Jus and I went down to our local megaplex last night to see No Country for Old Men, a Coen brothers movie about a Texan who stumbles across $2m from a drug deal gone wrong, the hit man sent to retrieve the dosh, and the sheriff who is overwhelmed by the whole mess. Not sure if I've seen a movie with a higher body count that wasn't about a war. Brilliant though, engrossing, chilling. Impressive right from Kelly Macdonald's (she's about as Scottish as you can get) flawless Texan accent (well at least to my Antipodean ears) to the score, to the relentless ending.
So after that joy-fest Jus and I wandered into the cinema foyer and noticed that I Am Legend was just starting and so we quietly slipped in. (You could spend all day in this cinema going from theatre to theatre without anyone noticing). Quick switch of genres to science fiction, virus-infested zombies and Will Smith being as charismatic as you can be when you're the last dude left on Earth.

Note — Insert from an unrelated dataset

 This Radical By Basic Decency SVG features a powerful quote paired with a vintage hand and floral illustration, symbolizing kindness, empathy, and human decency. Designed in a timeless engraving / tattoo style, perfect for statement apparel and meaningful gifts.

I am a massive sci fi fan so it is super annoying (have lost the use of the word 'very' already as you can see) when they move from the sublime to the ridiculous and you can't suspend disbelief because of massive plot flaws. Like if the infected humans/zombies are so crazed how do they have the wits about them to keep zombie dogs? And if the zombies are so hungry why don't they eat the zombie dogs if they're happy to chow down on a raw deer? And if the zombie dogs are so rabid and aggressive why don't they eat the zombie people? And since when can humans leap like monkeys and scoot up poles like bears? They're not supernatural, they're just infected with some virus.

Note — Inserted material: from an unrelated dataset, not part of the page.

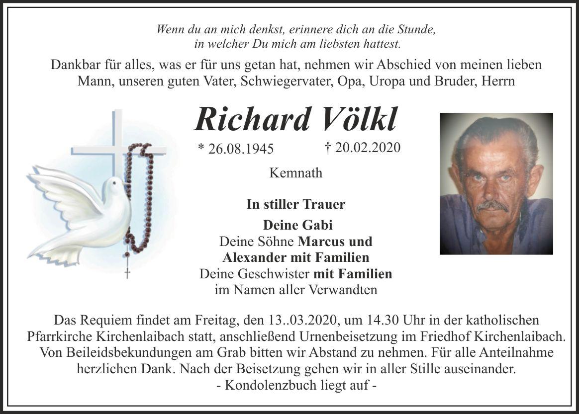 Das Requiem findet am Freitag, den 13..03.2020, um 14.30 Uhr in der katholischen Pfarrkirche Kirchenlaibach statt, anschließend Urnenbeisetzung im Friedhof Kirchenlaibach. Von Beileidsbekundungen am Grab bitten wir Abstand zu nehmen. Für alle Anteilnahme herzlichen Dank. Nach der Beisetzung gehen wir in aller Stille auseinander.

Anyway, after that lollapalooza of special FX transforming our actual neighbourhood into a dangerous wasteland (like the 80s!), absorbed from the front row mind you, I felt strangely vulnerable and paranoid walking home. The image here from the film is the actual cinema where we watched the movie, at Union Square. Jus and I agreed that if some virus ever gets hinted of breaking out in New York we will be on the first Qantas airbus home, because this place would disintegrate like a cookie.
Needles to say I had the craziest dreams: basically both films intertwined and produced a hellish night of Texan landscapes, zombies, killers, manikins and congested city streets.
I do not recommend this film combo as a double feature at the drive-in.